2番
伝えれば済むと分かってること
「遠くに行かないでよ」
って少し、胸が言いたい
寝つけない夜に 暴れ出す鼓動
私の中溢れ出す愛情で
締め付けたい
2番の歌詞ですが、心情描写がもう凄まじいです。
《胸が言いたい》なんて慣用句は存在しないんだけれど、あの痛いほど思っているんだけれども言葉にはできない感覚は《胸が言いたい》という言葉でしか言い表せないような気がしてきます。

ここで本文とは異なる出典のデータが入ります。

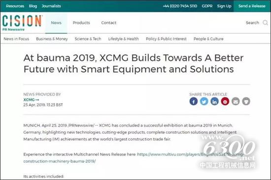德国宝马展,徐工受到德国电视二台、英国门户网站PR Newswire UK等近百家媒体的关注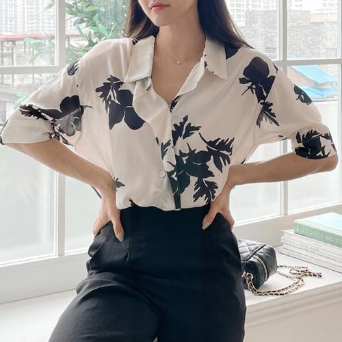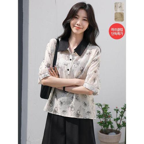 [키첼]에멜 카라 플라워 나염 블라우스

ただ等身大でまっすぐなだけでなく、このあたりの言語感覚の美しさも彼女の魅力の一つなのでしょう。
《私の中溢れ出す愛情で 締め付けたい》
そんな恋愛の我儘で猟奇的な部分も、そのまま言語化して美化されないままで歌になっています。
ずっと笑っているのも
起きてすぐ描くアイラインも
ただ貴方に、貴方に認めて欲しいから
可愛らしくてめちゃくちゃピュアな歌詞ですね。
性別すらも超越して、愛のないセックスだとか崖っぷちの愛だとか、ありとあらゆる恋愛を歌にしてきたあいみょん。
もはや相当な恋愛の手練れであるはずなのに、今になってなお、あたかも「これが私の初恋です!」みたいな顔でこんな歌詞を書いてしまうのだから彼女は恐ろしいです。本当に。
サビ2
誰にも負けないような
ぬくもりで貴方のことを
抱きしめてあげられる
自慢できるほどの恋はしたことがないけど
私は貴方を
2番のサビも1番同様に、”貴方” を思う女性の気持ちが繊細に切り取られています。
《誰にも負けないような ぬくもりで貴方のことを 抱きしめてあげられる》
最近のあいみょんさんのラブソングは、今までにも増してどんどん純真さを増しているような気がします。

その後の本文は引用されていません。